THE FIRST SESSION OF THE 108TH CONGRESS SENATE VOTING RECORD
1. Fiscal 2004 Budget Resolution – Amtrak Funding (S.Con.Res. 23) – The Senate narrowly adopted an amendment by Senators Robert Byrd (D-WV) and Frank Lautenberg (D-NJ) and joined by Arlen Specter (R-PA) that increased spending on Amtrak by $912 million. This would have raised the President’s $900 million FY 2004 Budget request for Amtrak to $1.812 billion. The amendment was adopted 51-49 on March 21, 2003. A vote in support of the amendment is a right “R” vote.
2. Unemployment Insurance (S. 1054) – The Senate rejected a motion offered by Senator Edward Kennedy (D-MA) to waive the Budget Act with respect to the Charles Grassley (R-IA) point of order against the Kennedy amendment. The Kennedy amendment would extend unemployment benefits by 26 weeks, with an additional 13 weeks for workers who have exhausted federal benefits. A three-fifths majority vote (60) of the total Senate was required to waive the Budget Act. On May 15, 2003 the motion was rejected 50-49. A vote to waive the Budget Act is a right “R” vote. (Subsequently, the chair upheld the point of order and the amendment failed.)
3. Buy American (S. 1050) – The Senate approved an amendment offered by Senator John McCain (R-AZ) to the Senator Mark Dayton (D-MN) amendment that would allow the Defense Department to forego a requirement to purchase American-made equipment if that equipment was manufactured by Australia, the United Kingdom, Norway, Sweden, The Netherlands or Spain. The Dayton amendment would strike a provision of the bill allowing the Defense Department to forego a requirement to purchase American-made equipment if that equipment was manufactured by any nation with which the United States had a reciprocal defense procurement memorandum of understanding or agreement. On May 21, 2003 the measure was adopted on a vote of 50-48. A vote against adoption of the McCain amendment is a right “R” vote.
4. Unemployment Insurance (H.J. Res 51) – The Senate approved a motion offered by Senator Don Nickles (R-OK) to table (kill) the Ted Kennedy (D-MA) amendment that would have extended the temporary federal unemployment insurance program until December 31 and provided an additional 26 weeks of benefits for those whose benefits had already lapsed. On May 23, 2003 Motion was agreed to 50-49. A vote against the motion to table is a right “R” vote.

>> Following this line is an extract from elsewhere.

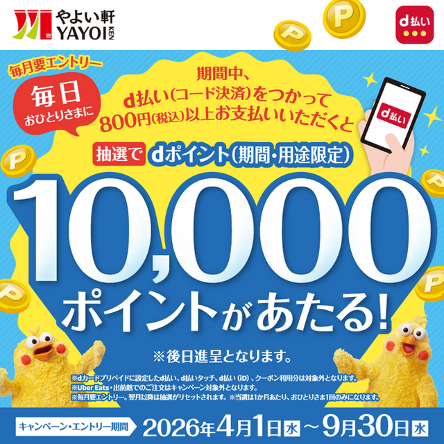 このたび日本国内の「やよい軒」では、d払いをご利用でお得にdポイント(期間・用途限定)をゲットできる『d払い利用でやよい軒にて毎日1名さまに10,000ポイントがあたる!キャンペーン』を実施いたします。

5. Unemployment Insurance (S. 925) – The Senate failed to pass a motion offered by Senator Patty Murray (D-WA) to waive the Budget Act with respect to the Nickles (R-OK) point of order against the Murray amendment which would have extended unemployment benefits by seven weeks for those who had already received 26 weeks of benefits and by 13 weeks for those who had already received 13 weeks of benefits. Benefits under the Railroad Unemployment Insurance Act would have been extended for eligible employees with less than 10 years of service. A three-fifths majority vote (60) of the total Senate was required to waive the Budget Act. On July 10, 2003 the Senate failed to pass the motion on a vote of 48-48. A vote to waive the Budget Act with respect to the Nickles amendment is a right “R” vote. (Subsequently, the chair upheld the point of order and the amendment failed.)
6. Overtime Pay Regulations (H.R. 2660) – The Senate adopted an amendment offered by Senator Tom Harkin (D-IA) that prohibited funds in the bill from being used to promulgate or implement any regulation that would take away eligibility for overtime for any worker. This vote was to protect the Fair Labor Standards Act which created the 40-hour workweek and overtime pay. On September 10, 2003 the Harkin amendment was adopted 54-45. A vote in support of the Harkin amendment is a right “R” vote.
7. Privatization (H.R. 2691) – The Senate defeated an amendment offered by Senator Harry Reid (D-NV) that would have prohibited the use of funds in the bill for competitive sourcing reviews (privatization reviews). The Senate failed to pass an amendment that would prohibit the use of funds to privatize federal jobs. This bill is particularly of danger to Amtrak employees as it could be used to privatize Amtrak, another method to ultimately eliminate the national passenger system. On September 23, 2003 the Reid amendment was rejected 44-51. A vote for the amendment is a right “R” vote.